By Howard Nemerov
I frequently draw inspiration from writers of different genres, especially those who write outstanding books. However, in order to convey a message that has significance for readers who value the written word's creators, poetry may occasionally be necessary. The poem, "The Makers" by Howard Nemerov, makes a stronger argument for this.
We can never locate that initial item that got us going, that initial spark that spans generations. In his poem "The Makers," Howard Nemerov strives to trace the history of poetry and comes to the realization that what counts most is that all of those concrete, physical feelings are transmitted throughout time through poetic tropes and pictures. It makes no difference who the first poets were or the specific tree, rock, or star that was first mentioned. What matters most is that we can relate to each other through these descriptions.
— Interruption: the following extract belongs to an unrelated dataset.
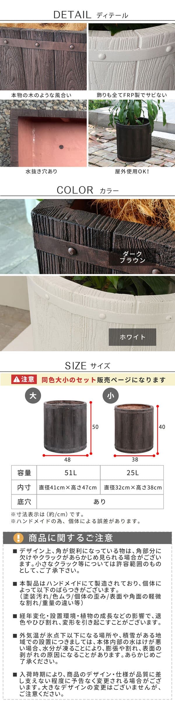 | 商品名 | 「FARBOR」 ファーバー 木調FRPプランター 幅40・50 (丸型) 大小2個セット |

The repetition of these sensory cues reveals a fundamental truth about the human condition.
"The Makers"
Who can remember back to the first poets,
The greatest ones, greater even than Orpheus?
No one has remembered that far back
Or now considers, among the artifacts,
And bones and cantilevered inference
The past is made of, those first and greatest poets,
So lofty and disdainful of renown
They left us not a name to know them by.
They were the ones that in whatever tongue
Worded the world, that were the first to say
Star, water, stone, that said the visible
And made it bring invisibles to view
In wind and time and change, and in the mind
Itself that minded the hitherto idiot world
And spoke the speechless world and sang the towers
Of the city into the astonished sky.
They were the first great listeners, attuned
To interval, relationship, and scale,
The first to say above, beneath, beyond,
Conjurors with love, death, sleep, with bread and wine,
Who having uttered vanished from the world
Leaving no memory but the marvelous
Magical elements, the breathing shapes
And stops of breath we build our Babels of.